Состояние это – муки рождения.И не просто нового качества, перехода на еще более высокую творческую ступень, а муки рождения нового творца – уже и вовсе, кажется, небывалого, которого… с кем же и с чем сравнить?.. Разве что вот эти слова и мысли во многом созвучны, как бы вводят нас в то душевное состояние, которое испытывал в начале семидесятых годов, и особенно в 1974 году, Василий Макарович Шукшин:
«Крупные русские писатели не пером пишут, а плугом пашут по бумаге, пробивая ее, вывертывая на белое черную землю. Вот почему легкое писание, беллетристика русскому кажется пошлостью, и русский писатель кончает свой путь непременно той или другой формой учительства и объявляет дело своей прошлой жизни „художественной болтовней“. И если иные и не кончают учительством, а остаются художниками до конца, то это художество не совсем свободно, в нем какой—то безумный загад смотреть и радоваться солнышку, когда голова будет отрублена…» (М. Горький).

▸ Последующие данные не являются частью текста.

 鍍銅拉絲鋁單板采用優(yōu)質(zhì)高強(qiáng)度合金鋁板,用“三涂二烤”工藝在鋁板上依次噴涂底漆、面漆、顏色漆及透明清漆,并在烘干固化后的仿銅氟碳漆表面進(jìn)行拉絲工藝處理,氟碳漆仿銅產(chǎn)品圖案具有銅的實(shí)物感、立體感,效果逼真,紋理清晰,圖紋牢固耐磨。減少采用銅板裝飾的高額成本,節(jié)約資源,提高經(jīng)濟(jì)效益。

«Штрихи к портрету…», «Мечты», «Петька Краснов рассказывает», «Как мужик переплавлял через реку…», «Сны матери», «Боря», «На кладбище», «Рыжий», «Жил человек», «Чужие», «Кляуза», «До третьих петухов»… Поистине – «это художество не совсем свободно, в нем какой—то безумный загад…». И так можно сказать и о «Калине красной», и о «Дяде Ермолае», и о многих других шукшинских произведениях, созданных в семидесятые годы – последние годы его жизни…

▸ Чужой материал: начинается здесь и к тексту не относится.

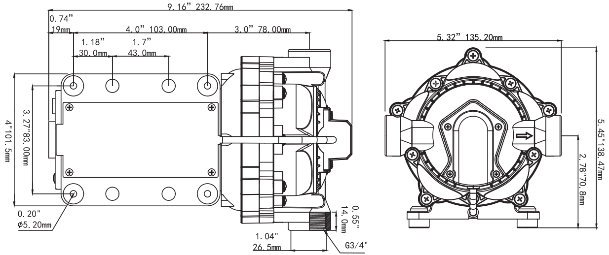 Bomba de diafragma de desplazamiento positivo de 4 cámaras, autocebante, capaz de funcionar en seco |
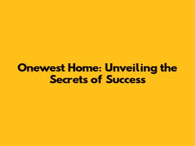 Onewest Home: Unveiling The Secrets Of Success
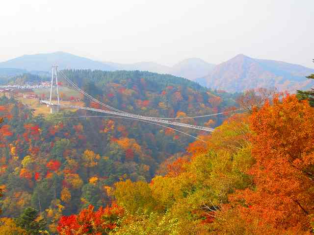 吊橋の上から見る紅葉も見ごたえがあります。

И в беседах с корреспондентами «Правды», и в «Возражениях по существу» Шукшин не то чтобы «объявляет дело своей прошлой жизни „художественной болтовней“, но открыто сетует на то, что сделано мало и не так, соглашается с чужим мнением, что он якобы „замкнулся в кругу любимых героев“, говорит, что „надо выходить на дорогу, которая побольше, нужна, как видно, новая сила и смелость, нужна и мудрость – открывать новую глубину и сложность жизни“». Начинает ругать сюжетную форму повествования и даже бороться с ней:
«Этот вопрос (о сюжете. – В. К.)встал сейчас передо мной как один из нерешенных (я имею в виду внутренне мной не решенных) вопросов. Считаю, что отвел бы от себя много упреков и по «Калине красной», если бы в фильме не работал сюжет в чистом виде. Сюжет всегда несет в себе заданность, он сам – резко определенная мысль, и ты из него уже не выпрыгнешь. Сюжет нехорош и опасен тем, что он ограничивает широту осмысления жизни. Я не имею здесь в виду шедевры литературы; убежден, что такой сюжет, как в «Ревизоре», рождается раз в сто лет… Теперь бессознательный на первых порах протест против сюжета превратился для меня в непреодоленные еще мною проблемы мастерства.

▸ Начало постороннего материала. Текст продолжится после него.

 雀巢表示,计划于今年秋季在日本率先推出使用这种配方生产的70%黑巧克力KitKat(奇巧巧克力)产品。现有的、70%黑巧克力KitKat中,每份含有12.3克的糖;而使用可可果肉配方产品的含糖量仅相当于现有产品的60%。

Сюжет – запрограммированное неизбежное нравоучение».
И в другом месте:
«Сюжетов у меня сейчас целый блокнот, но как—то стало неинтересно. Интересная работа, которая сопротивляется.
Свести бы людей в такой ситуации, где бы они решали вопросы бытия, правды. Рассуждать, размышлять, передавать человеческое волнение.
Размышлением не научился владеть».
Ну, чем это не наговор, не оговор самого себя? Когда это, в каком это конкретном его рассказе сюжет несет заданность, ограничивает широту осмысления жизни?.. «Запрограммированное неизбежное нравоучение». Это у Шукшина—то?! Пусть, согласимся, что такой сюжет, как в «Ревизоре», рождается крайне редко, но ведь никто, насколько известно, и никогда не говорил, что шукшинские сюжеты расхожи и банальны, напротив: сами эти сюжеты и «повинны» в немалой степени в том, что стали говорить о какой—то специфической «шукшинской жизни», о «чудиках» и т. п. Он, Василий Макарович, мечтает о том, чтобы свести людей в такой ситуации, где бы они решали вопросы бытия, правды. Говорит, что главное для художника – «рассуждать, размышлять, передавать человеческое волнение». Неужели же он не видит, что подавляющее большинство его рассказов – именно такие «ситуации», где люди решают отнюдь не бытовые, а прежде всего вселенскиевопросы! Ведь к тому времени были опубликованы десятки рассказов с «крайними» ситуациями, в которых люди размышляли отнюдь не о том, как на лишний кусок хлеба заработать (такая проблема перед шукшинскими героями вообще никогда не стояла), не о том, как улучшить, сделать «роскошным» свой быт (даже в самых «бытовых» его рассказах речь идет все—таки не о быте), а решали, волновались, мучились, размышляли – о душе, о смысле жизни, об инойжизни и судьбе…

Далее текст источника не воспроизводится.